= DATA FOR THE TASK =
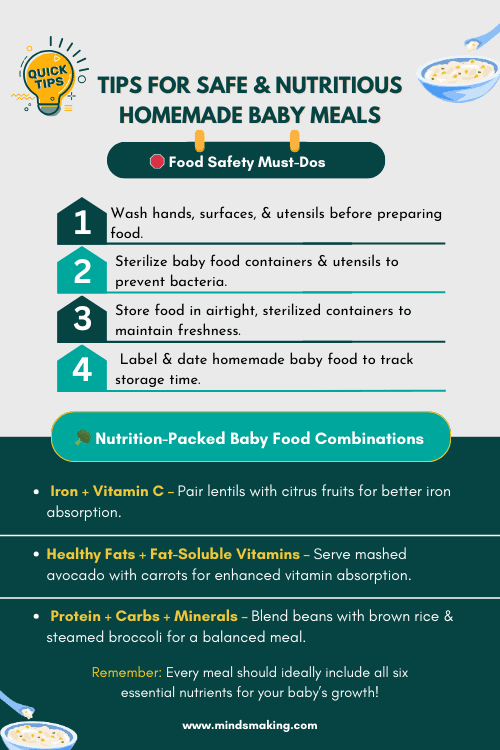 These concerns highlight the need for parents like you to study homemade baby food quality assessment, such as best practices and guidelines based on expert recommendations, to ensure the safety and quality of your baby’s meals.
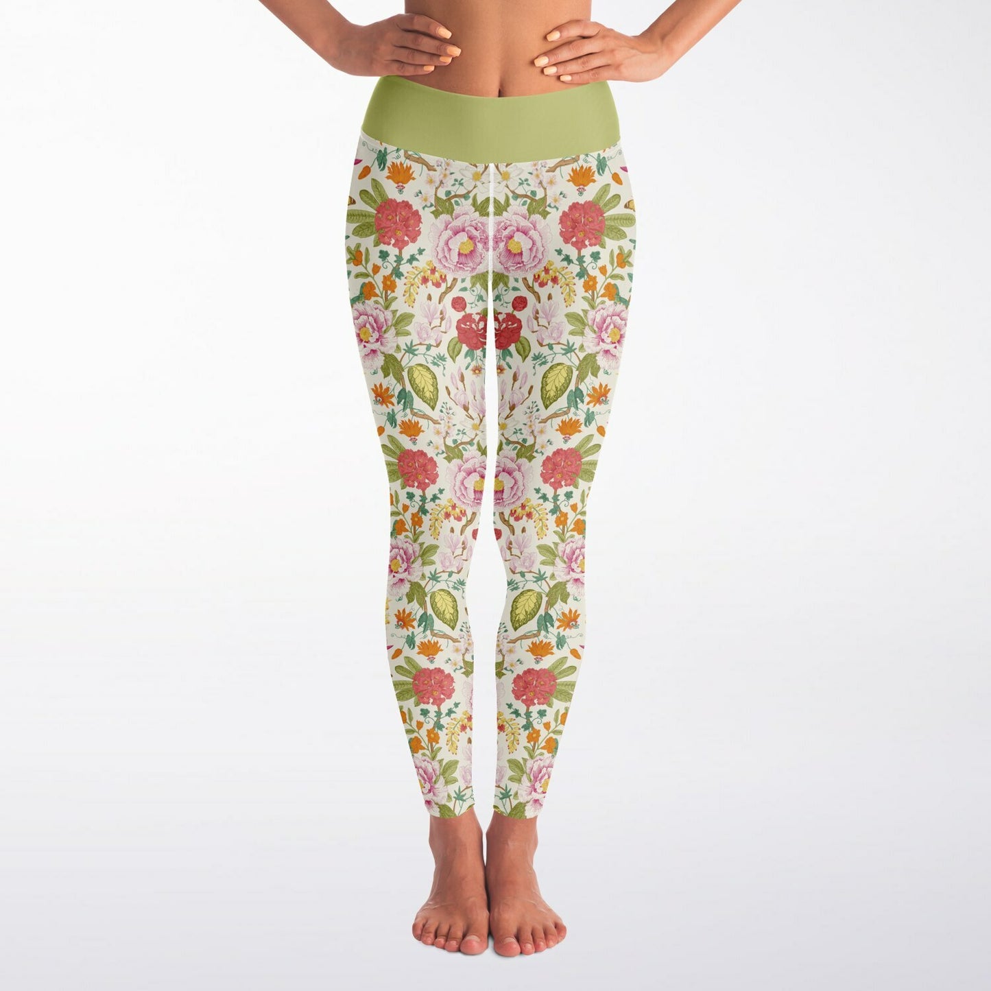 Vintage Floral Squat Proof Yoga Leggings - High-Waisted Workout & Gym Leggings
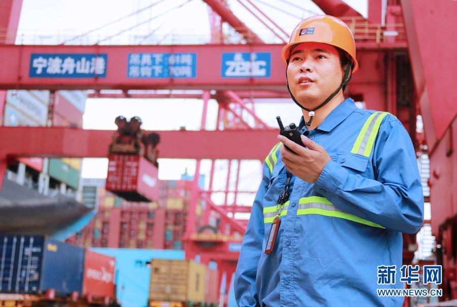 寧波舟山港北侖第三集裝箱碼頭有限公司橋吊班大班長竺士杰在寧波舟山港碼頭工作(資料照片)。新華社發
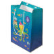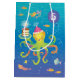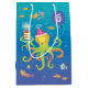 Bleu, Turquoise et une pieuvre verte aux poissons colorés tient un gâteau à trois couches sur son tentacule.Customisez l'âge sur ce sac cadeau pour l'anniversaire de votre oursin préféré.
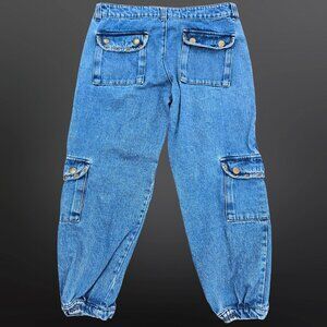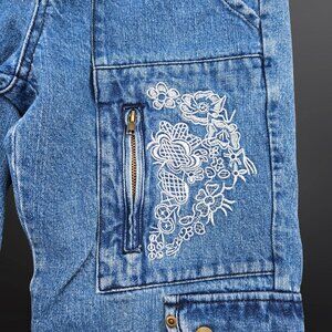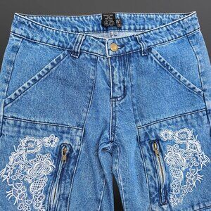Y2K Denim Capri Cargo Pants Jeans Embroidered Flowers Size 2 Fairy Boho Low Rise
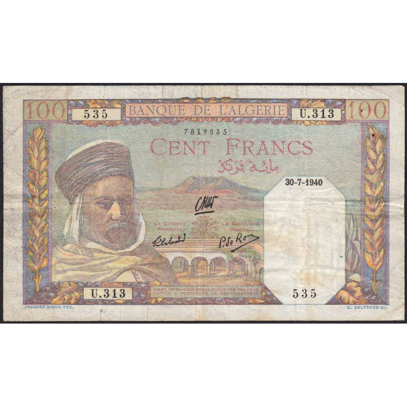 Revers : Laboureur et sa charrue tirée par deux boeufs, paysage de Kabylie avec village sur tertre
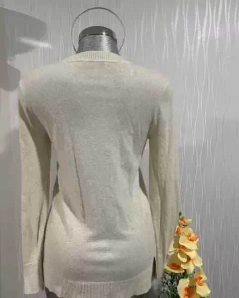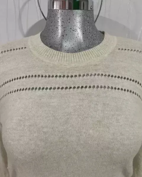 Suéter LOFT mediano beige. Suéter beige tejido mediano con diseño frontal
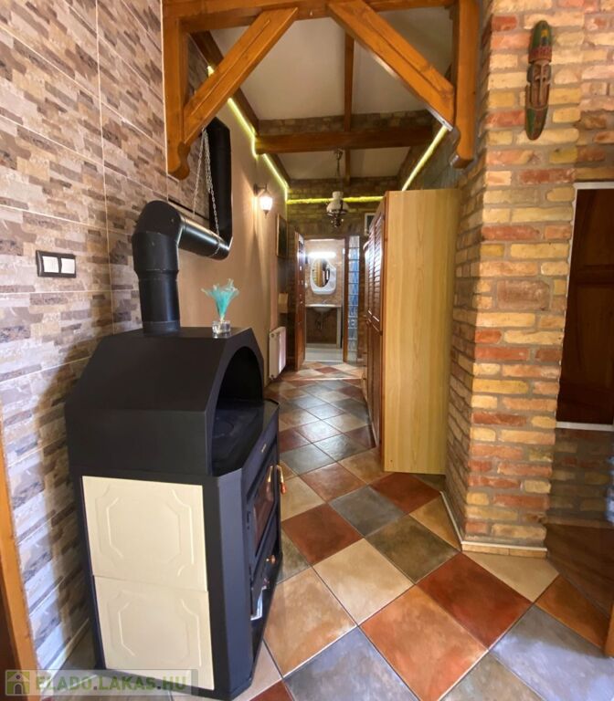 - Fűtés: kondenzációs gázkazán, vízteres kandalló
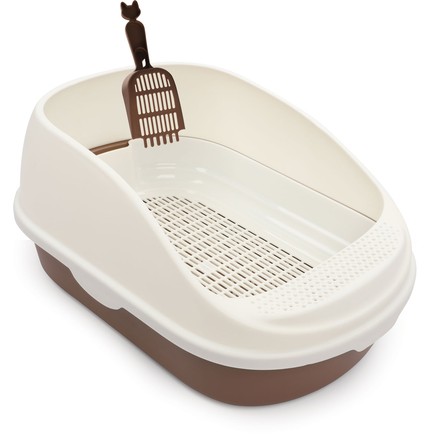 Туалет для кошек прямоугольный с бортом "Капучино" (совок и сетка в комплекте), коричневый/белый, 560*390*260мм, серия HYGIENE, Triol
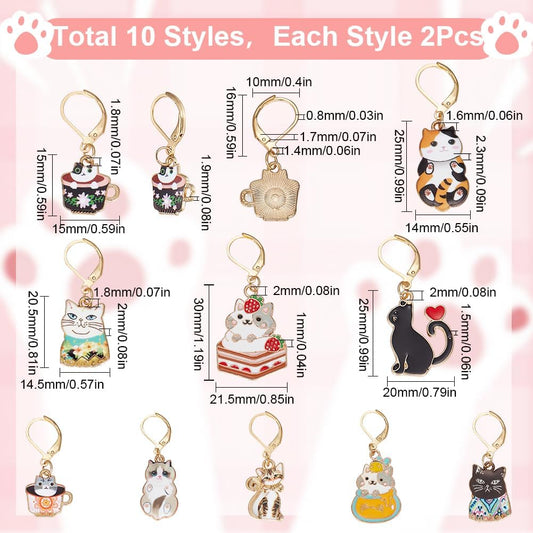 SUNNYCLUE 1 Box 20Pcs 10 Style Locking Stitch Marker Cute Stitch Markers Cat Pet Animal Leverback Knitting Charms Knitting Tools for Weaving Sewing Needleworks Women Adults DIY Crafts
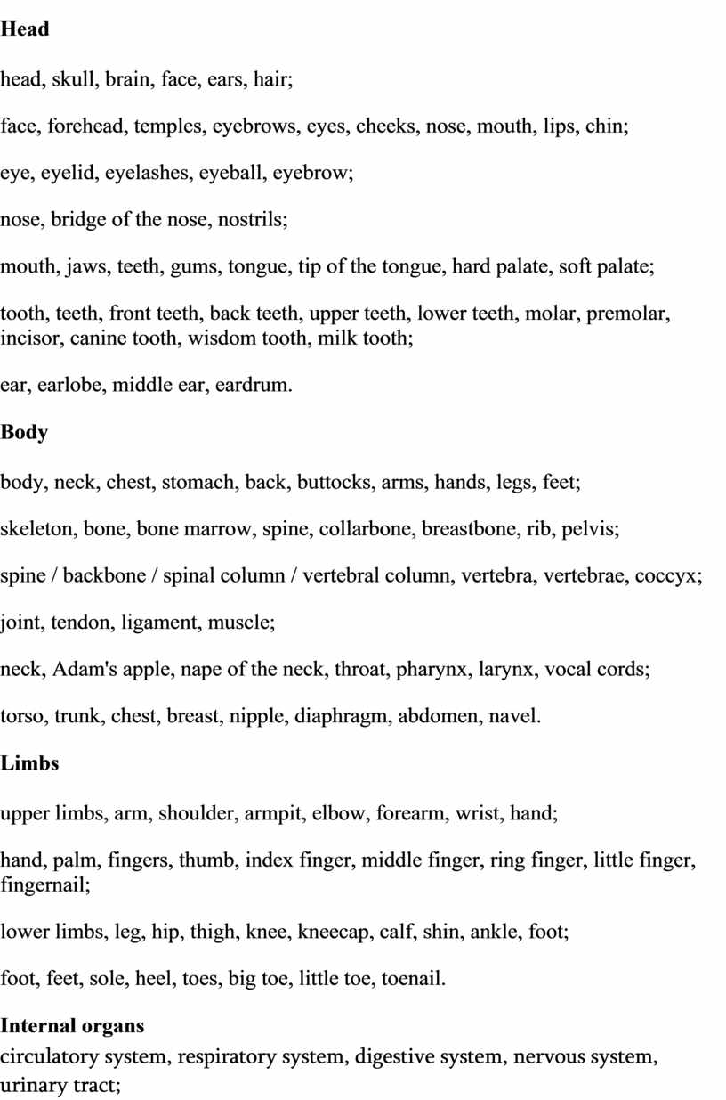 forearm - рука elbow - локоть wrist - запястье thumb - большой палец hip = thigh - бедро knee - колено calf - икра (ноги) ankle - лодыжка skin - кожа spleen - селезёнка intestine - кишечник kidney - почка gall-bladder - желчный пузырь bladder - мочевой пузырь framework - диафрагма |
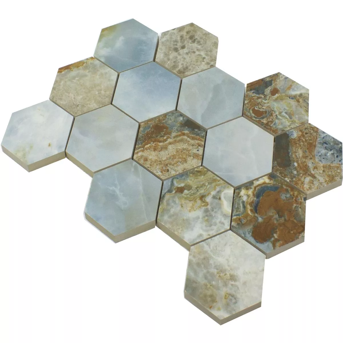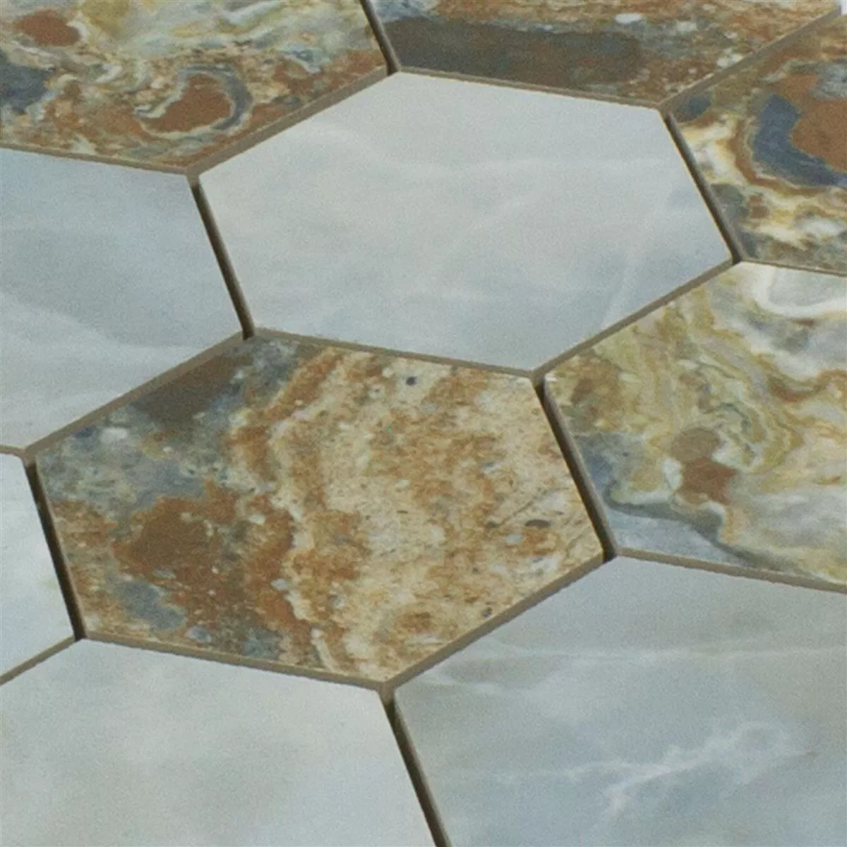 Ceramic Mosaic Tiles Naftalin Hexagon Brown Blue
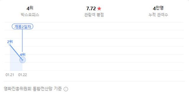 개봉 첫날 박스오피스 2위에 올랐던 이 작품은 하루 만에 4위로 내려앉으며 흥행에 제동이 걸렸다. 22일 기준 전국 760개 스크린에서 상영됐으며, 스크린 점유율 10.6%, 상영 점유율과 좌석 점유율은 각각 17.1%를 나타냈다.
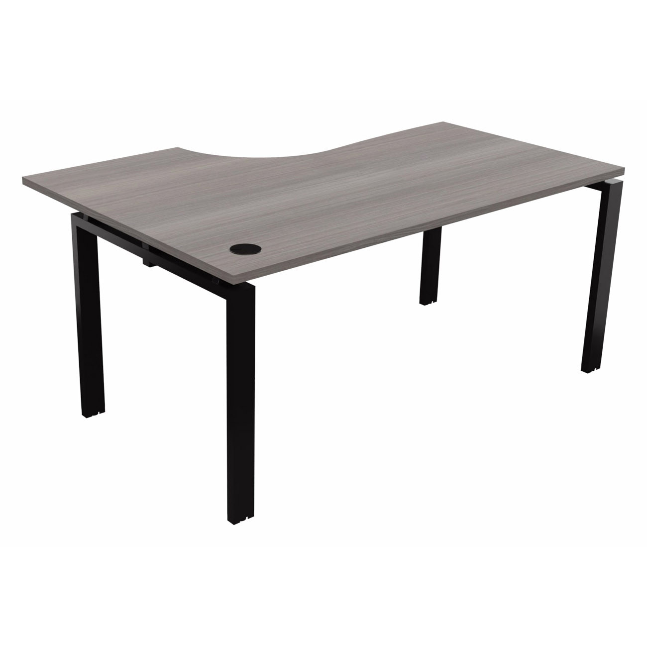 Bureau d'angle compact retour à droite E-link - L.160 x P.110 cm - Plateau Chêne Nebraska - Pieds Noir
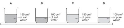 Two beakers contain salt water of density 1.1 g / cm^3 and two beakers contain pure water of
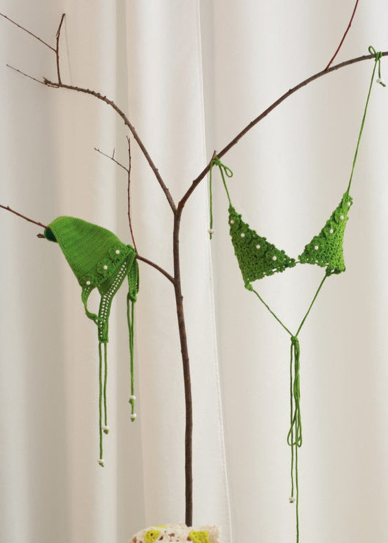 Set hecho a mano en crochet con hilo de algodón orgánico. Color base verde con aplicaciones florales. Detalles bordados con piedras naturales que aportan un toque único y artesanal.
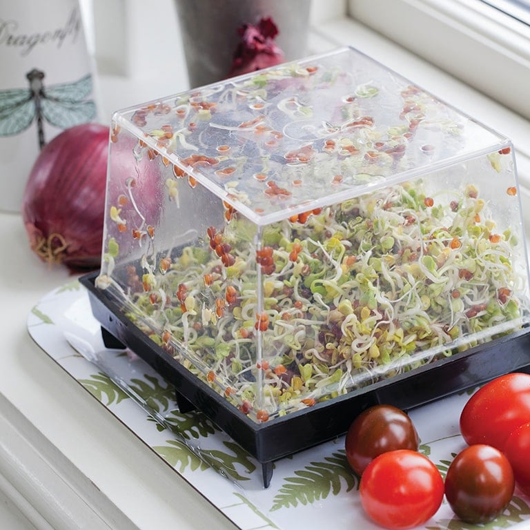Spraya dina odlingingar med vatten varannan dag för att försiktigt fördela en jämn vattenmängd över ytan. När skotten blivit cirka 2-3 centimeter höga tar du bort eventuellt lock och sprayar skotten ytterligare i några dagar, för att sedan vattna dina odlingar med vattenkanna.
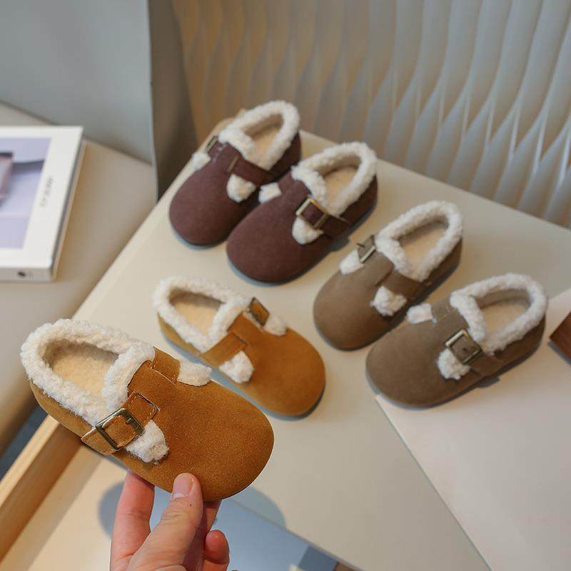 AYKN韩版儿童真皮勃肯鞋秋冬加绒男女童棉鞋保暖小童宝宝豆豆鞋子
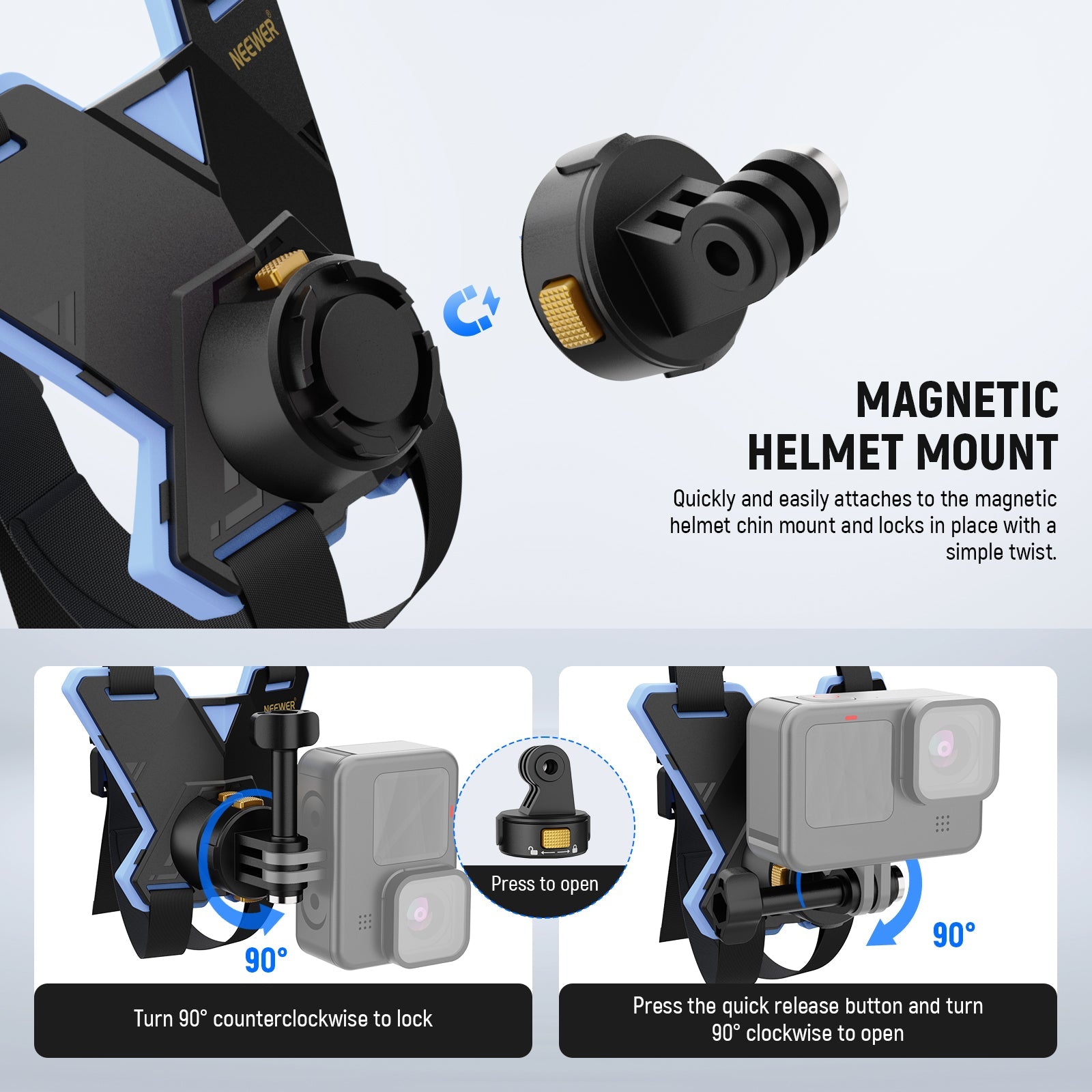 • For Action Cameras- GP19 motorcycle helmet chin photography holder accessories kit is compatible with GoPro Hero13 Hero 12 go pro 11 10 9 8 7 Black Max, compatible with DJI Osmo Action 5 Pro 4 3 2, compatible with Insta360 Go 3 2 Go 3S x4 x3 ONE R insta 360 Ace Pro, compatible with AKASO brave 8 7 4 combos, etc., by using the magnetic quick release mount adapter and an extra mount adapter with a 1/4" screw.  Also compatible with NEEWER Quick Release System (2nd generation)
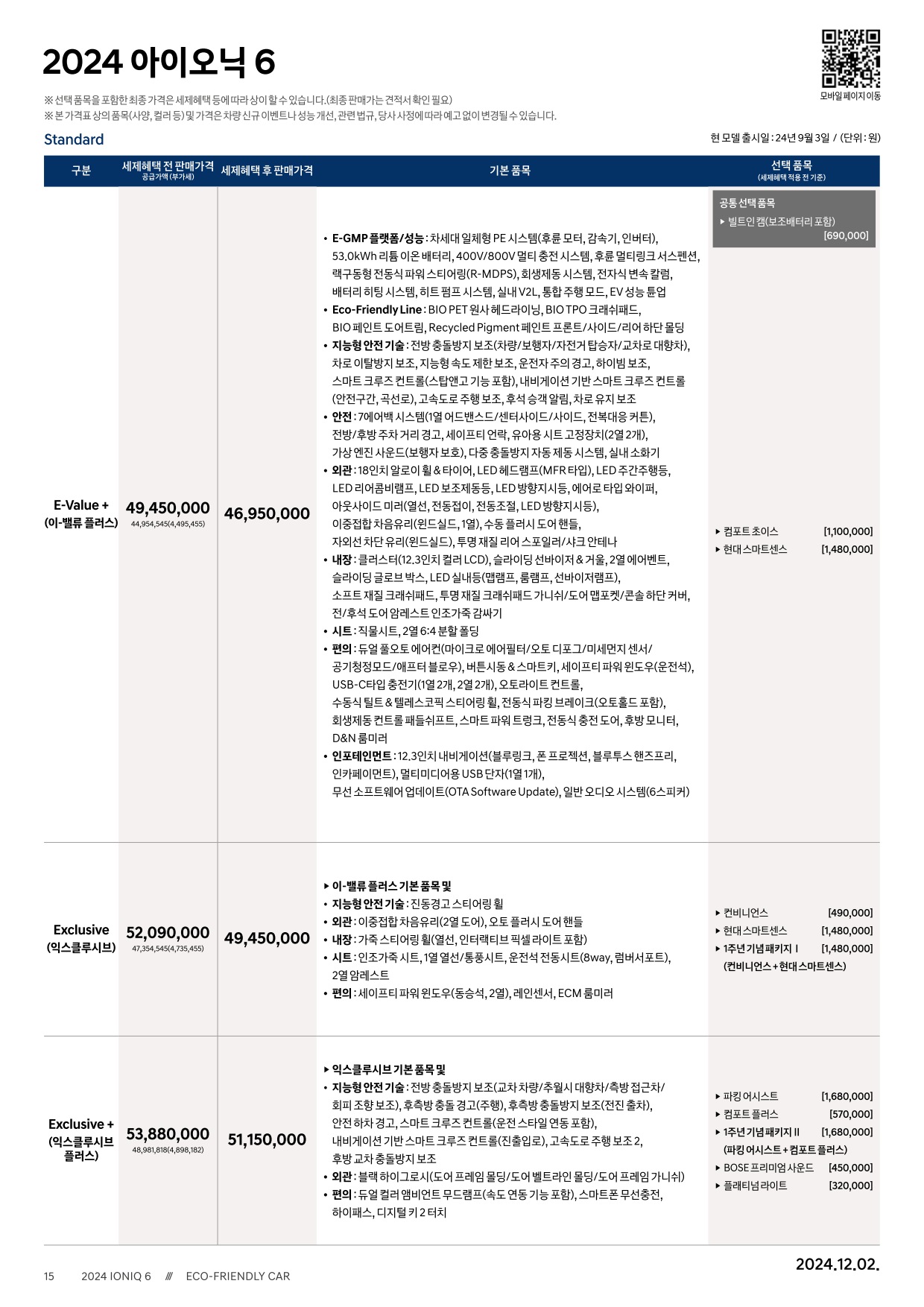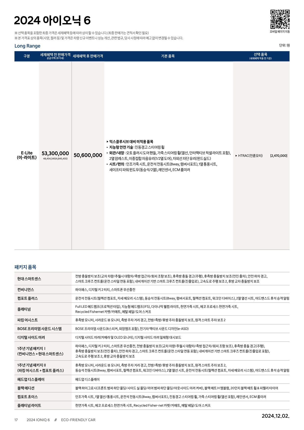 2024년 12월 아이오닉6 신차가격표
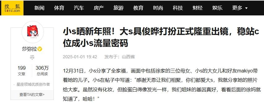 大S在社交媒体上总是一副姐非常好的样子,婚姻幸福家庭美满。舆论之下,具俊晔发文解释他自己的外网账号是被盗号了,这理由与他没出席大S生日时一样蹩脚。
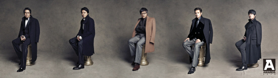 ◇2012 A-어워즈 수상자. 왼쪽부터 미술가 박찬경, 프로듀서 신원호, 영화감독 최동훈, 배우 이병헌, 가수 이승철
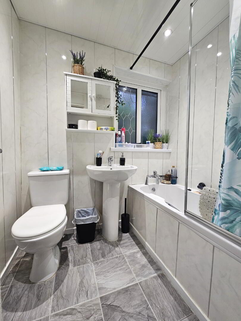 - Pvc panel bathroom with 3 piece suite and over bath shower

= AIM OF THE TASK =
Up in the listing, locate the line with "Revers : Laboureur"; print it and every line after it down to the line with "SUNNYCLUE 1 Box", which is included too. Skip the pictures.

= WRITTEN ANSWER =
 Revers : Laboureur et sa charrue tirée par deux boeufs, paysage de Kabylie avec village sur tertre
 Suéter LOFT mediano beige. Suéter beige tejido mediano con diseño frontal
 - Fűtés: kondenzációs gázkazán, vízteres kandalló
 Туалет для кошек прямоугольный с бортом "Капучино" (совок и сетка в комплекте), коричневый/белый, 560*390*260мм, серия HYGIENE, Triol
 SUNNYCLUE 1 Box 20Pcs 10 Style Locking Stitch Marker Cute Stitch Markers Cat Pet Animal Leverback Knitting Charms Knitting Tools for Weaving Sewing Needleworks Women Adults DIY Crafts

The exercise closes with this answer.